Aplicación Práctica: Detección de Vacíos de Información (Gap Analysis)
Más allá del análisis de distancias, este pipeline cartográfico se ha diseñado para actuar como una herramienta de toma de decisiones en la gestión ambiental, específicamente en la identificación de vacíos de datos cartográficos.
Al cruzar la densidad de puntos reales de GBIF con la red viaria, el modelo permite aislar geográficamente aquellas cuadrículas de alto valor ecológico que presentan un número de registros cercano a cero. Esto transforma el análisis estadístico en una guía de acción en el territorio.

Estrategia para Proyectos de Recogida de Datos en Campo:
- Zonas de Sombra Inaccesibles: El análisis demuestra la existencia de “puntos ciegos” en el interior de los macizos más abruptos de las islas (zonas alejadas de la red
gis_osm_roads_free_1). El proyecto sirve como base científica para justificar la necesidad de financiar expediciones botánicas y entomológicas profesionales en estas áreas de difícil acceso.
- Optimización de Ciencia Ciudadana: Al geolocalizar los cuadrantes donde faltan datos de aves pero que están relativamente cerca de senderos homologados, se pueden diseñar campañas de “Ciencia Ciudadana Dirigida”, incentivando a los usuarios de plataformas como eBird o iNaturalist a realizar avistamientos en zonas prioritarias en lugar de repetir las rutas tradicionales hiper-muestreadas.
- Planes de Acción y Financiación: Este enfoque metodológico ofrece a las administraciones públicas (Cabildos, Consejerías de Transición Ecológica) una cartografía de prioridades basada en evidencias estadísticas para la inversión eficiente en la recolección de datos sobre biodiversidad.
🔮 Futuras Líneas de Trabajo (Explotación del Dataset)
La base de datos descargada de Geofabrik contiene múltiples capas vectoriales adicionales que abren la puerta a expansiones automáticas de este pipeline:
- Análisis por Categoría de Vía: Clasificar el impacto segregando las autopistas principales de las pistas de tierra forestales para evaluar si el “efecto huida” varía según el índice de tráfico.

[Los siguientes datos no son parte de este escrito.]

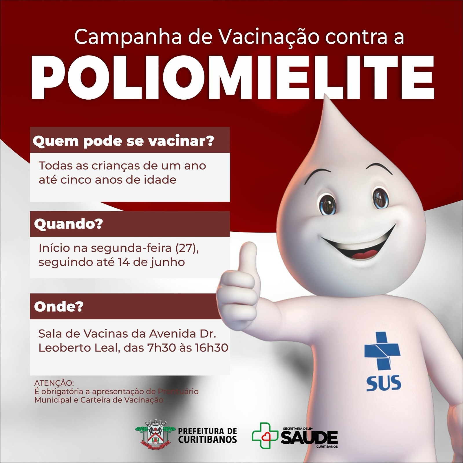 A partir de segunda-feira (27), inicia na Sala de Vacinas localizada na Avenida Leoberto Leal a vacinação contra a Poliomielite, seguindo até 14 de junho. O horário de atendimento da sala é das 7h30 às 16h30, sem fechar para o almoço.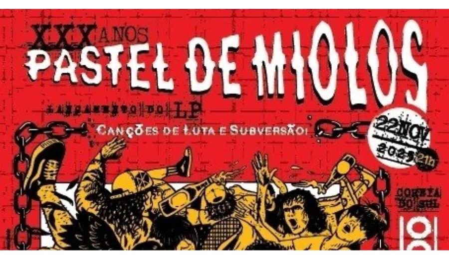 PASTEL DE MIOLOS power trio baiano de Punk Rock Hardcore que, em 2025, completou 30 anos de atividades ininterruptas. Neste ano de aniversário, gravaram novo álbum que será lançado nos formatos físicos (CD, CASSETE e LP) e digital. Nesse show do dia 22.11.2025, será lançado oficialmente o Vinil/LP “Canções de Luta e Subversão!”.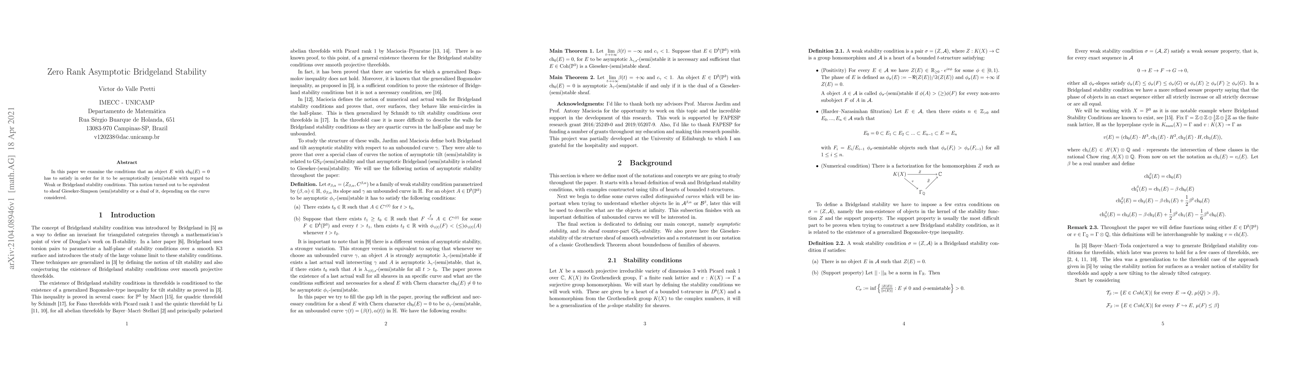 Researchers studied the conditions for objects with zero Chern class to be asymptotically stable under Weak or Bridgeland stability conditions, finding they equivalent to sheaf Gieseker-Simpson stability or its dual.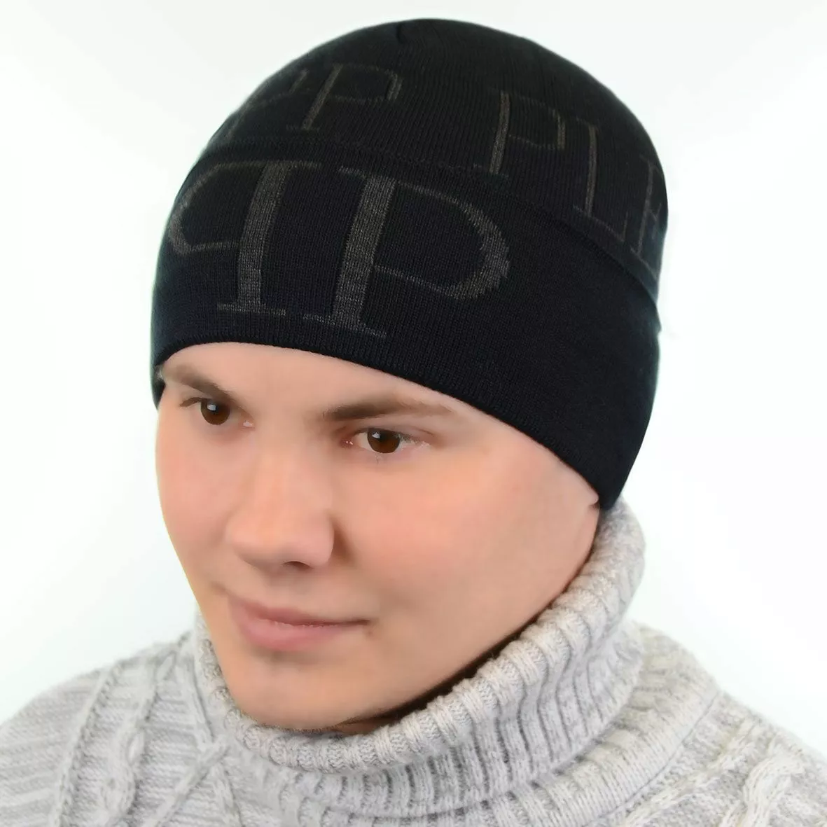 Мужская зимняя шапка. Аксессуары выполнены из качественной пряжи с

- Modelado de Usos del Suelo: Cruzar los puntos de presencia biológica con las capas de áreas urbanas, zonas industriales y coberturas vegetales del suelo presentes en el
.shp para desarrollar un Modelo de Idoneidad de Hábitat (SDM) completo.
Conclusiones
- Este proyecto demuestra que el análisis masivo de datos espaciales en plataformas globales como GBIF requiere obligatoriamente una deconstrucción de sesgos. Aplicar algoritmos GIS de forma automática sin un modelo de control nulo conduce a conclusiones ecológicas erróneas.
- Habilidades Demostradas: Capacidad de optimización de código en R para computación pesada local, diseño metodológico de modelos nulos espaciales, integración avanzada R-QGIS y análisis crítico orientado a la resolución de problemas y propuestas de proyectos en el mundo real.